───── The records
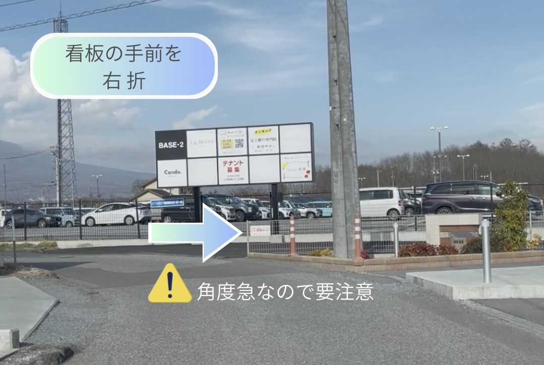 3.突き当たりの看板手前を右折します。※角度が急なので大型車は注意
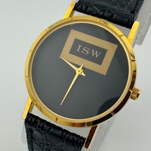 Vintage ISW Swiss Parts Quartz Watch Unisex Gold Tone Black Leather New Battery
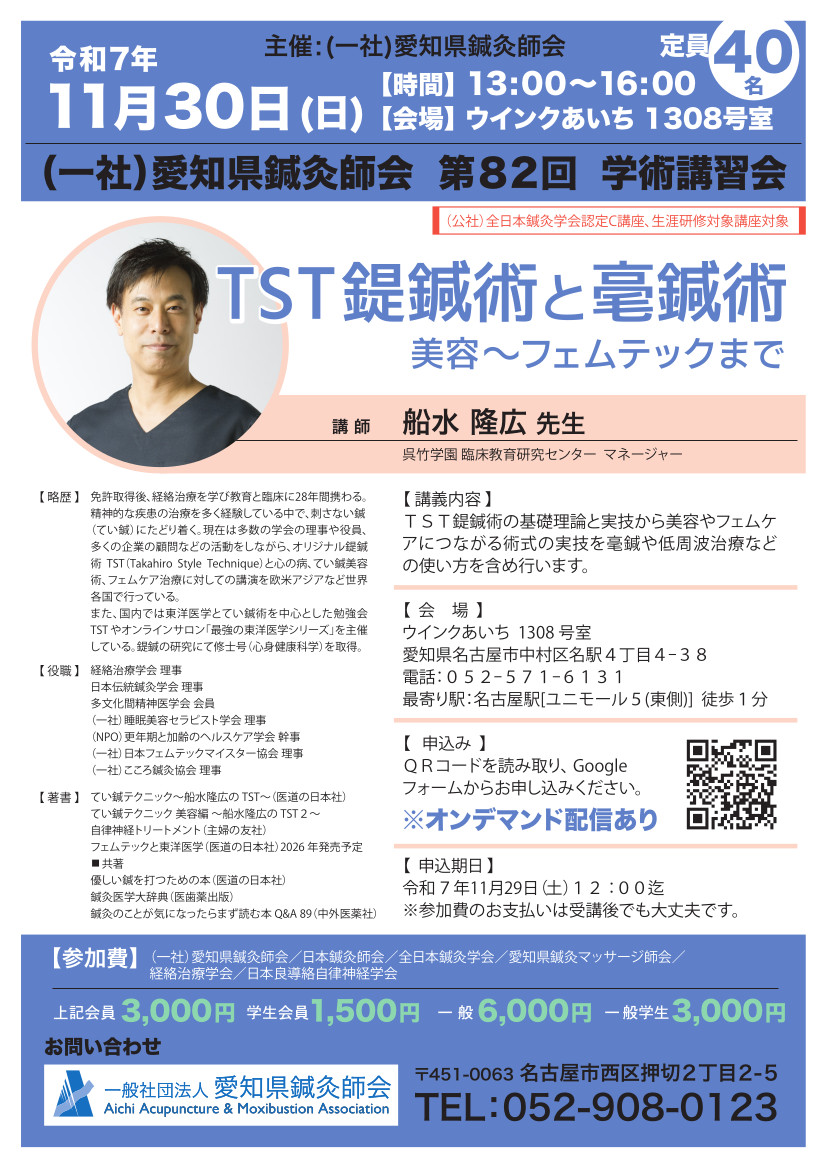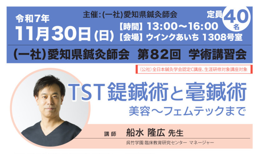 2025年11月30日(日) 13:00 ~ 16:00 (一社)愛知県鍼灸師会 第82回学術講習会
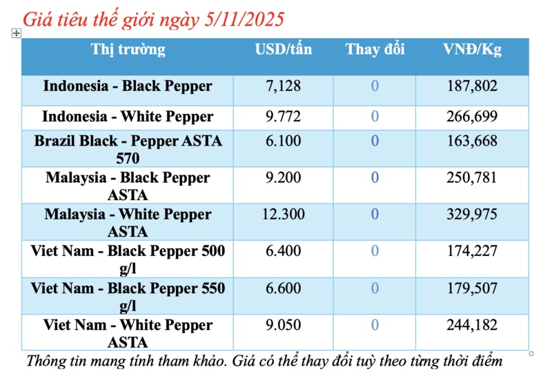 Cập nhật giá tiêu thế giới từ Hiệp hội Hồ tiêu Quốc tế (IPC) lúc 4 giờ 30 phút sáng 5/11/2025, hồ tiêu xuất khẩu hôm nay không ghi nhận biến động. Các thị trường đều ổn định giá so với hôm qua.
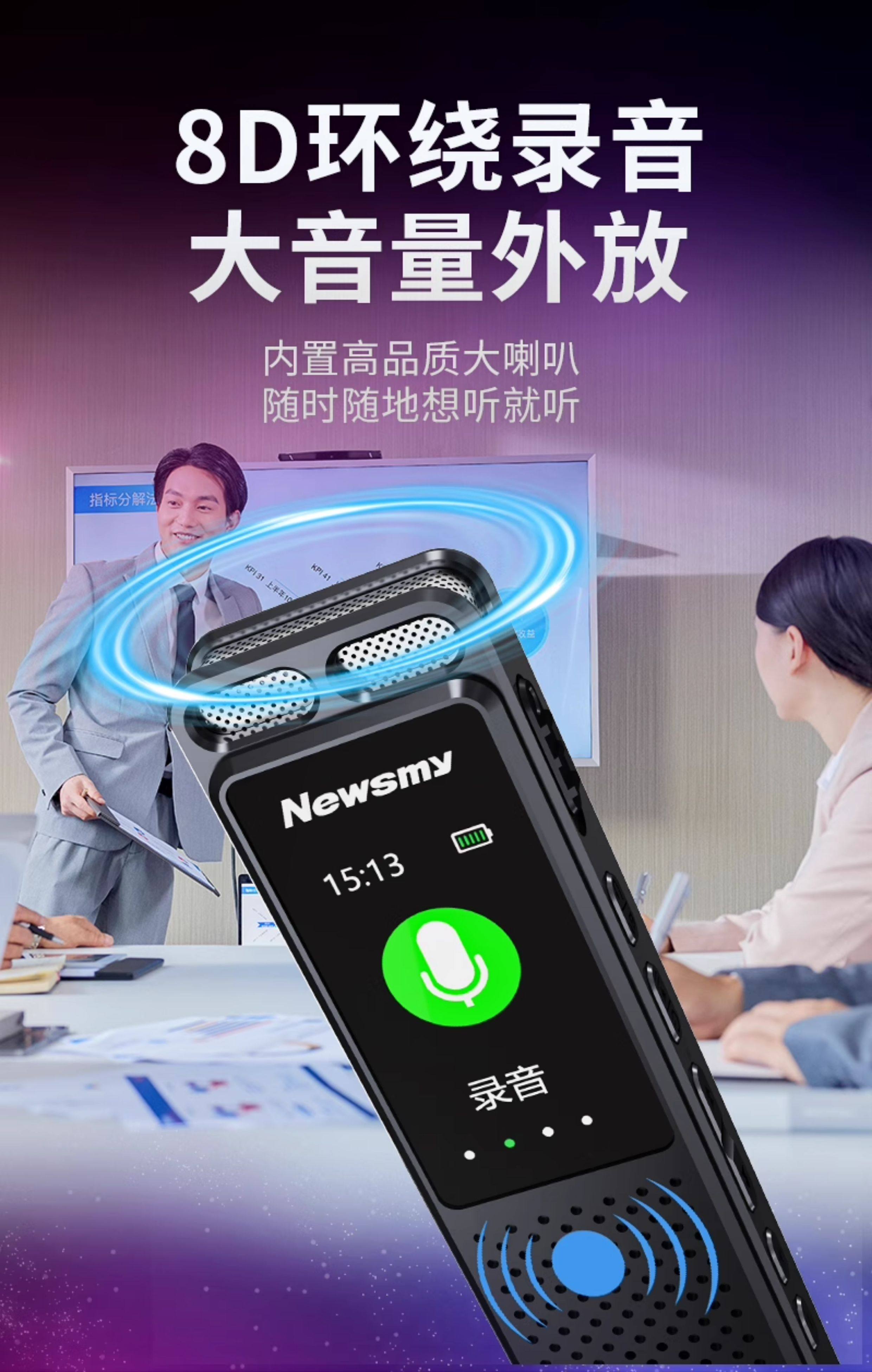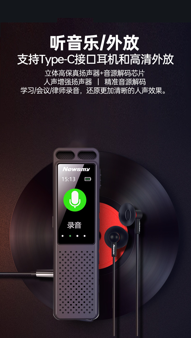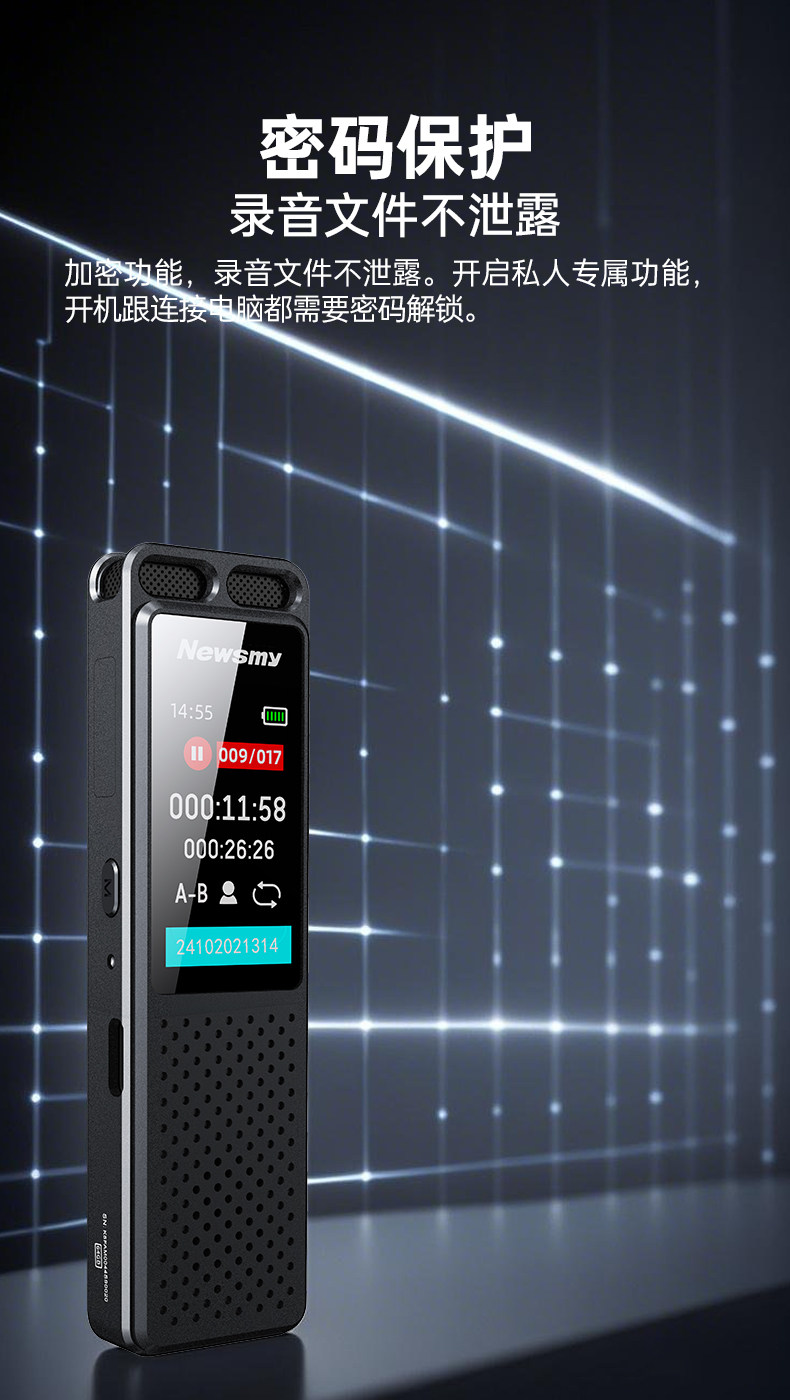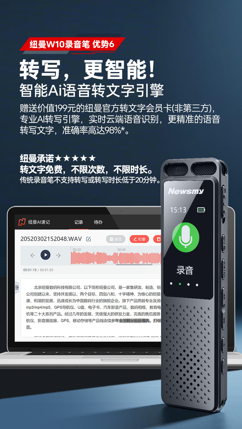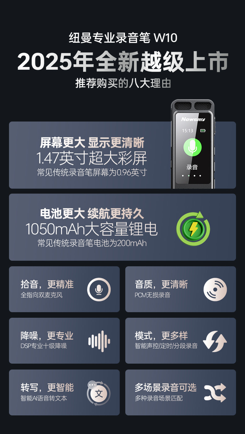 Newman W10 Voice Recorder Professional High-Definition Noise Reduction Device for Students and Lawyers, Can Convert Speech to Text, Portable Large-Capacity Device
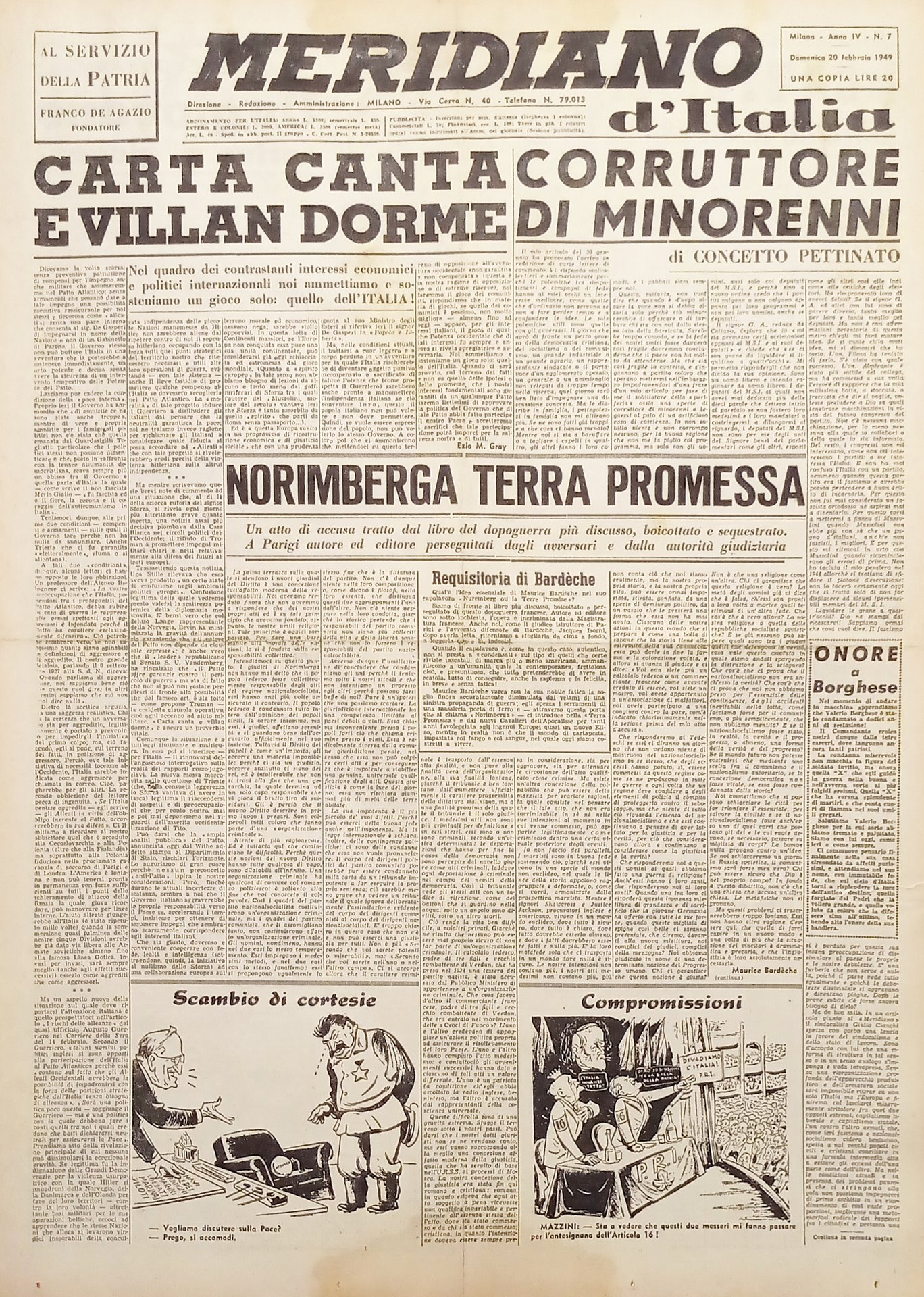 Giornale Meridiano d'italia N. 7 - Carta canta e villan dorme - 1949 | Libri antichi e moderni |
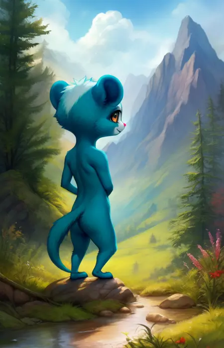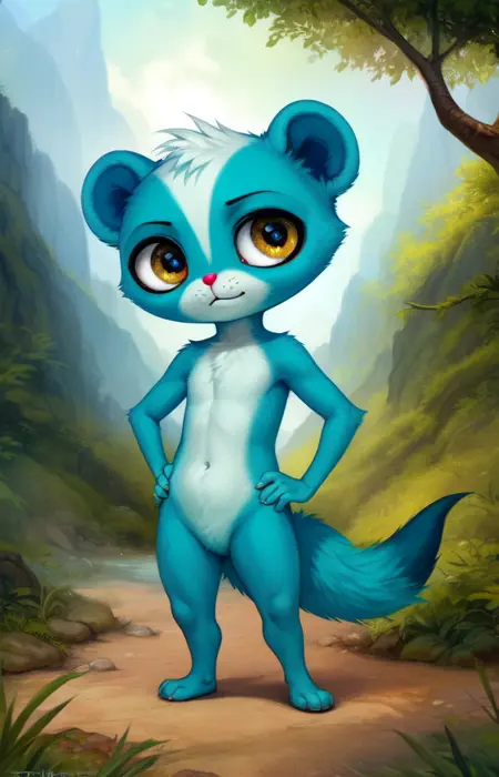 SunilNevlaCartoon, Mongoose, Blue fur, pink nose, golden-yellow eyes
──────────
### Aim of the exercise
Print the material above once more, exactly. No pictures belong in it.

### Output for this task
 3.突き当たりの看板手前を右折します。※角度が急なので大型車は注意
 Vintage ISW Swiss Parts Quartz Watch Unisex Gold Tone Black Leather New Battery
 2025年11月30日(日) 13:00 ~ 16:00 (一社)愛知県鍼灸師会 第82回学術講習会
 Cập nhật giá tiêu thế giới từ Hiệp hội Hồ tiêu Quốc tế (IPC) lúc 4 giờ 30 phút sáng 5/11/2025, hồ tiêu xuất khẩu hôm nay không ghi nhận biến động. Các thị trường đều ổn định giá so với hôm qua.
 Newman W10 Voice Recorder Professional High-Definition Noise Reduction Device for Students and Lawyers, Can Convert Speech to Text, Portable Large-Capacity Device
 Giornale Meridiano d'italia N. 7 - Carta canta e villan dorme - 1949 | Libri antichi e moderni |
 SunilNevlaCartoon, Mongoose, Blue fur, pink nose, golden-yellow eyes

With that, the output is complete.